Credere fermamente nella risurrezione
può infonderci grande coraggio,
anche se siamo minacciati di morte.
Di sicuro quei 3 ebrei conoscevano
le parole di Giobbe, quelle di Giobbe 14:13,
dove Giobbe chiese a Geova
di nasconderlo nella tomba
e dopo un limite di tempo
ricordarsi di lui, risuscitarlo.
E dovevano conoscere
le risurrezioni compiute da Elia ed Eliseo.
Non avevano la certezza
di una protezione miracolosa,
ma erano certi di questo:
se fossero rimasti integri,
sarebbero stati risuscitati.
E questo è vero anche oggi.
La ferma convinzione nella risurrezione,
se ci pensiamo, limita Satana.
Le sue minacce di morte non ci intimidiscono,
non ci fanno in alcun modo paura.
La speranza è la nostra arma segreta.
Un ultimo punto è questo:
se rimaniamo integri
e non ci lasciamo intimidire,
chi ci vede rimarrà favorevolmente colpito.

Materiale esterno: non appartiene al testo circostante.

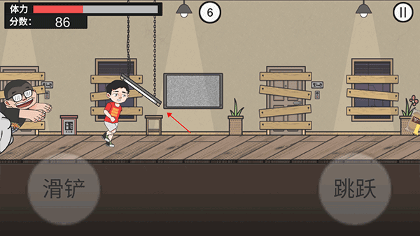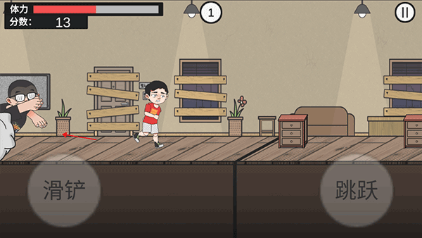 4、点击开始即可开始游戏,左边是滑铲右边是跳跃,玩家需要操控人物躲避杰哥。
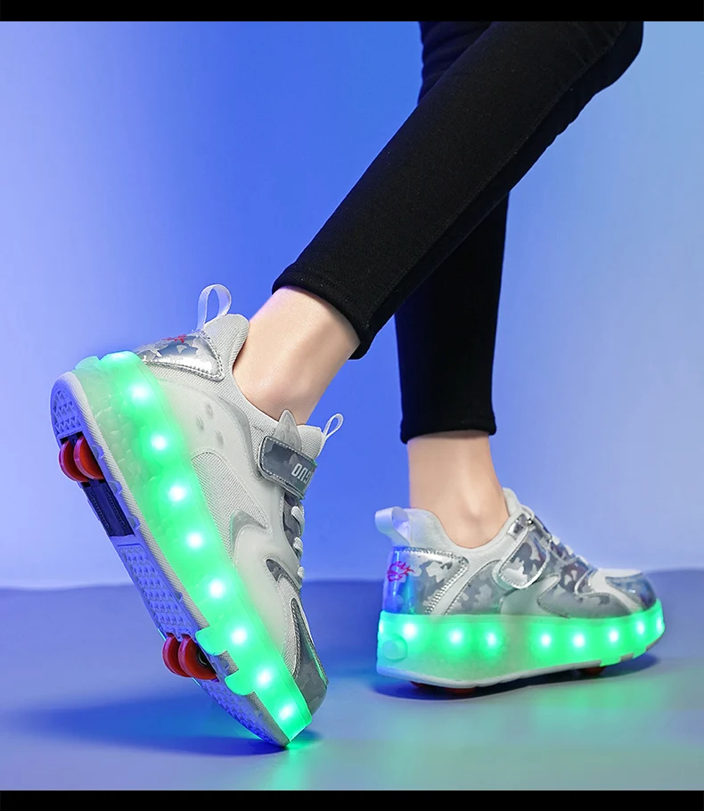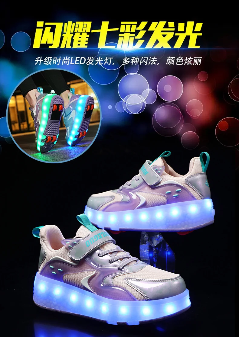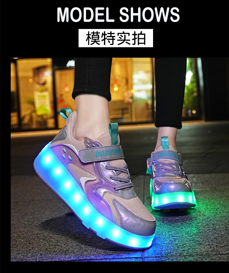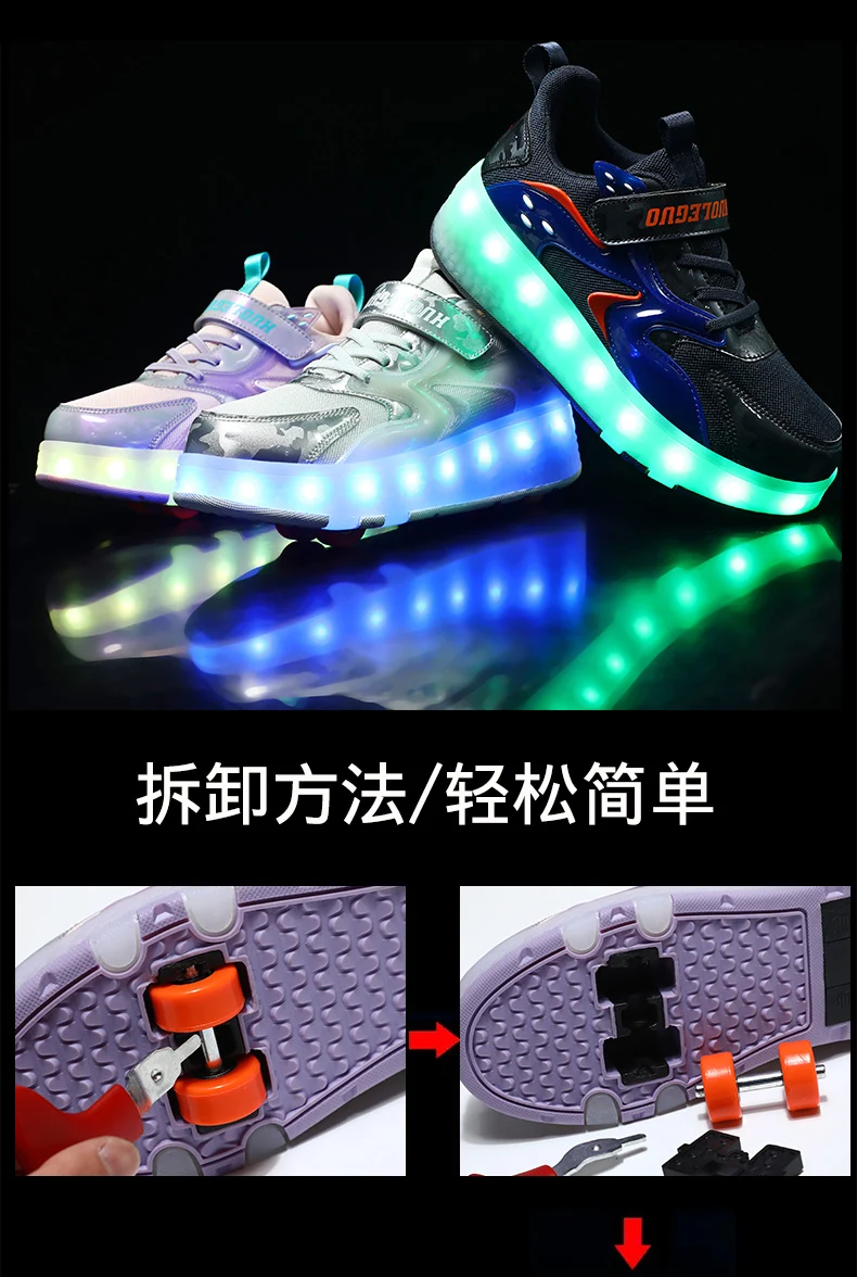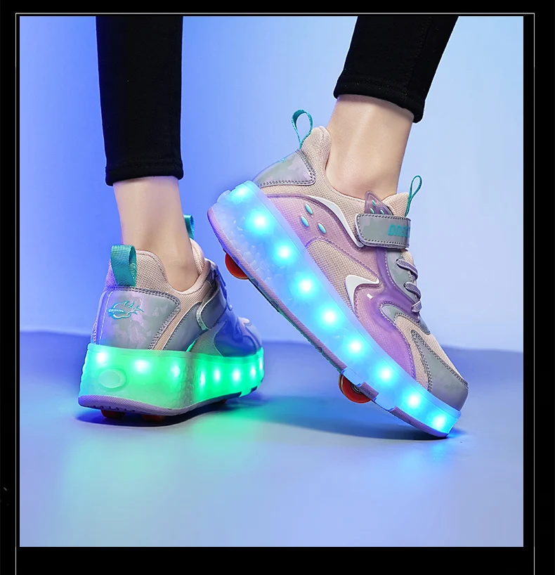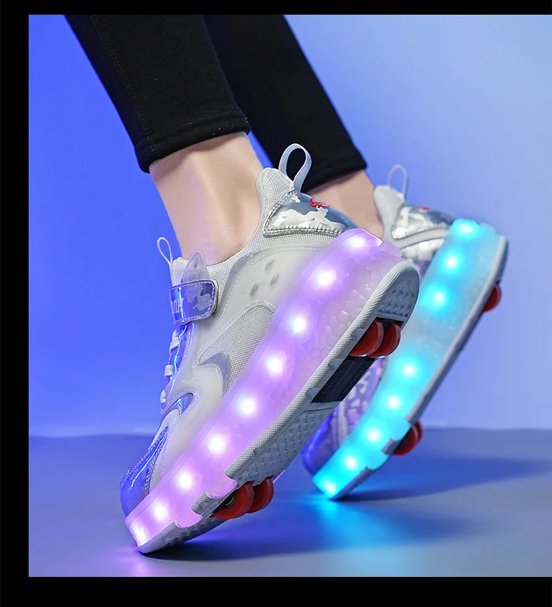 LED Lights Kids Roller Skate Shoes Detachable Sport With 4 Wheels Running Casual Boys Girls Parkour Deformation Skating Shoes

Ricordate cosa disse il re quando i 3 uscirono
dalla fornace sani e salvi?
Disse: “Sia lodato l’Iddio di Sadrac,
Mesac e Abednego,
[…] perché non esiste un altro dio
che possa liberare come questo”.
Pensiamoci un attimo.
Se Nabucodonosor e gli altri babilonesi
che erano lì saranno tra gli “ingiusti”
che Atti 24:15 dice che saranno risuscitati,
allora vorrà dire
che quello di cui furono testimoni
sarà un ottimo inizio per avvicinarsi a Geova
nel nuovo mondo.
E gli uomini che li gettarono nella fornace
e rimasero uccisi dalle fiamme?
Se saranno risuscitati,
scopriranno che cosa successe
dopo la loro morte prematura.
E sicuramente venire a sapere queste cose
li aiuterà a progredire spiritualmente
nel nuovo mondo.
La stessa cosa succede oggi.
Quando non cediamo alle intimidazioni
diamo una grande testimonianza.
E grazie a questo tipo di testimonianza
in molti hanno accettato la verità.
In conclusione, tiriamo le somme.
Dai 3 ebrei abbiamo imparato 5 cose
che ci aiuteranno
a non cedere alle intimidazioni.
Primo, nonostante i ruggiti del Diavolo
confidiamo sempre in Geova.
Secondo, grazie allo spirito santo
rimarremo calmi e risponderemo bene.
Terzo, Geova può usare i suoi angeli
che in vari modi possono tirarci fuori
da situazioni che ci incutono timore.
Quarto, quella della risurrezione
è una speranza che ci infonde grande coraggio
anche se siamo minacciati di morte.
E quinto, se rimaniamo integri
e non ci lasciamo intimidire,
chi ci vede rimarrà favorevolmente colpito.
Pertanto ognuno di noi,
a imitazione dei 3 ebrei,
sia determinato
a non permettere a Satana di intimidirlo.